[Opening Entries shown section]

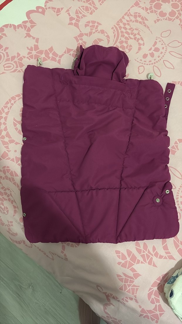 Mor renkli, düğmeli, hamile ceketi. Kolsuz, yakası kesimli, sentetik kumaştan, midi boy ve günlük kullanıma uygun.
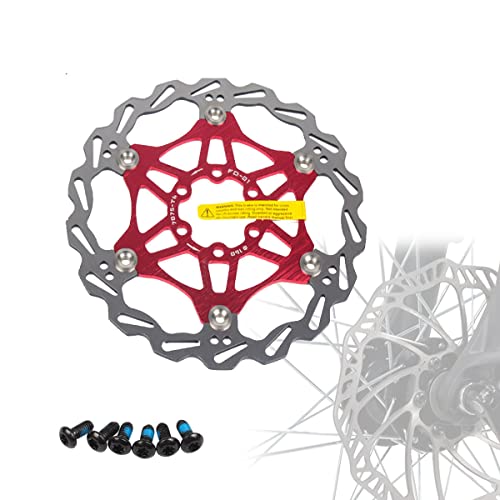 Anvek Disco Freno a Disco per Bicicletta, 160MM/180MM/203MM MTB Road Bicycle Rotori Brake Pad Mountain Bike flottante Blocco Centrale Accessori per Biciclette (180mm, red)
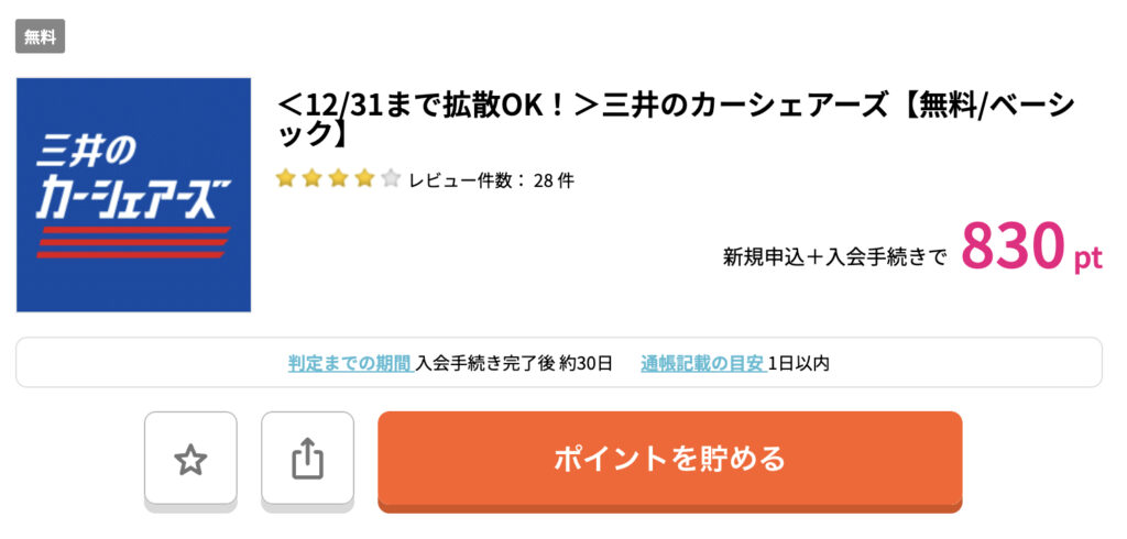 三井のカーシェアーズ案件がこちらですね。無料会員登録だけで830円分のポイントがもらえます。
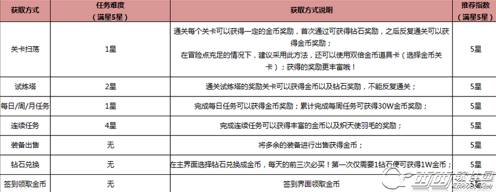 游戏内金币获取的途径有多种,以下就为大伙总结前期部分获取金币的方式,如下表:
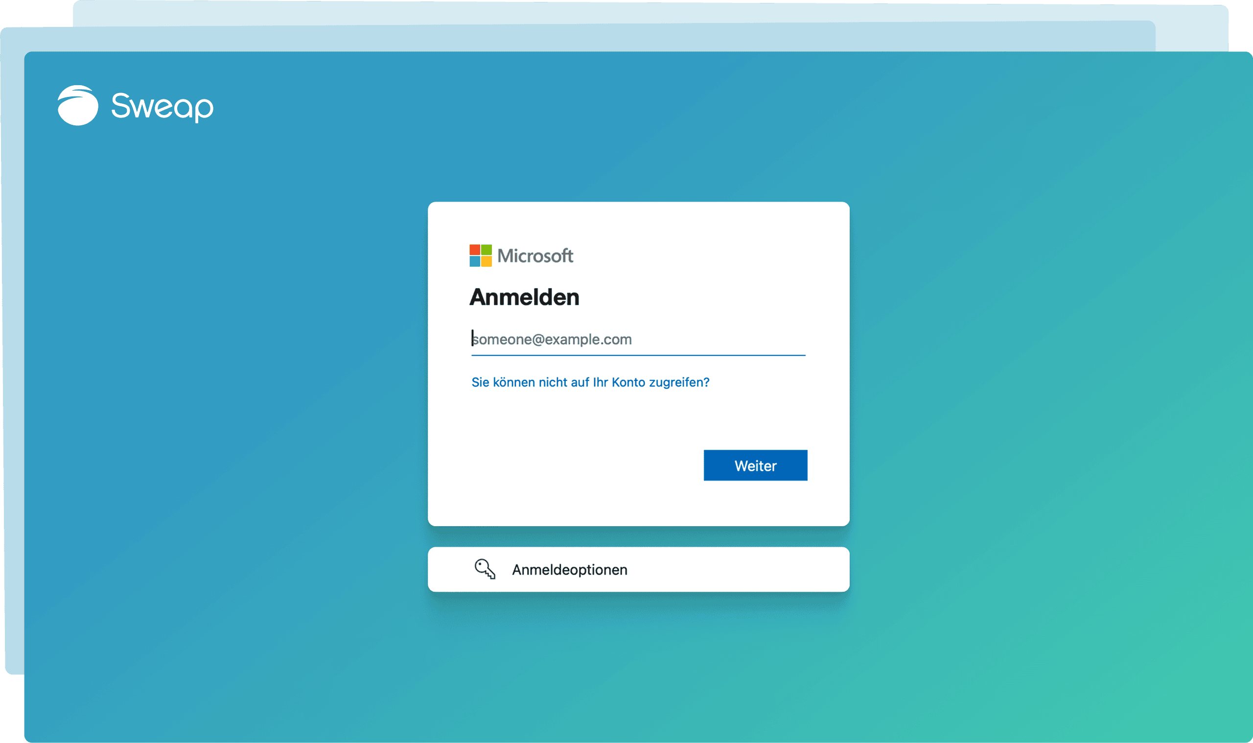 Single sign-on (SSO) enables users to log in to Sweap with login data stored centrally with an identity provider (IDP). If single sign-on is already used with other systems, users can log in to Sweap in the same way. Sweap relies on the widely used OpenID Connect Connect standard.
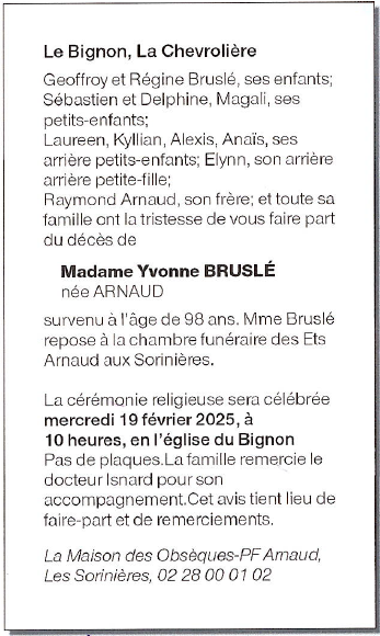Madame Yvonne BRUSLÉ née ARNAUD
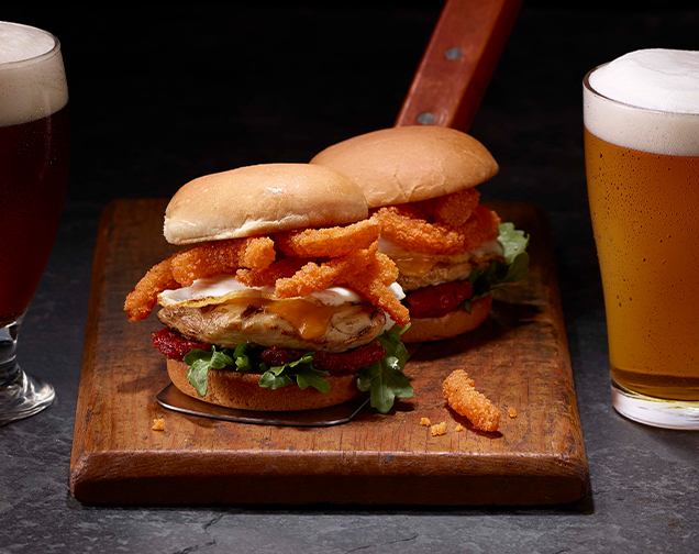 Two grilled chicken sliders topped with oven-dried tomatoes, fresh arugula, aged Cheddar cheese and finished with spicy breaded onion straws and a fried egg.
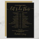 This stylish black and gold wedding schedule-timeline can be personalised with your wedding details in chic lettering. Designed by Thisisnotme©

[Closing Entries shown section]

- _Prompt_: Drop the images, then copy the data exactly.

- _Output below_:
 Mor renkli, düğmeli, hamile ceketi. Kolsuz, yakası kesimli, sentetik kumaştan, midi boy ve günlük kullanıma uygun.
 Anvek Disco Freno a Disco per Bicicletta, 160MM/180MM/203MM MTB Road Bicycle Rotori Brake Pad Mountain Bike flottante Blocco Centrale Accessori per Biciclette (180mm, red)
 三井のカーシェアーズ案件がこちらですね。無料会員登録だけで830円分のポイントがもらえます。
 游戏内金币获取的途径有多种,以下就为大伙总结前期部分获取金币的方式,如下表:
 Single sign-on (SSO) enables users to log in to Sweap with login data stored centrally with an identity provider (IDP). If single sign-on is already used with other systems, users can log in to Sweap in the same way. Sweap relies on the widely used OpenID Connect Connect standard.
Madame Yvonne BRUSLÉ née ARNAUD
 Two grilled chicken sliders topped with oven-dried tomatoes, fresh arugula, aged Cheddar cheese and finished with spicy breaded onion straws and a fried egg.
 This stylish black and gold wedding schedule-timeline can be personalised with your wedding details in chic lettering. Designed by Thisisnotme©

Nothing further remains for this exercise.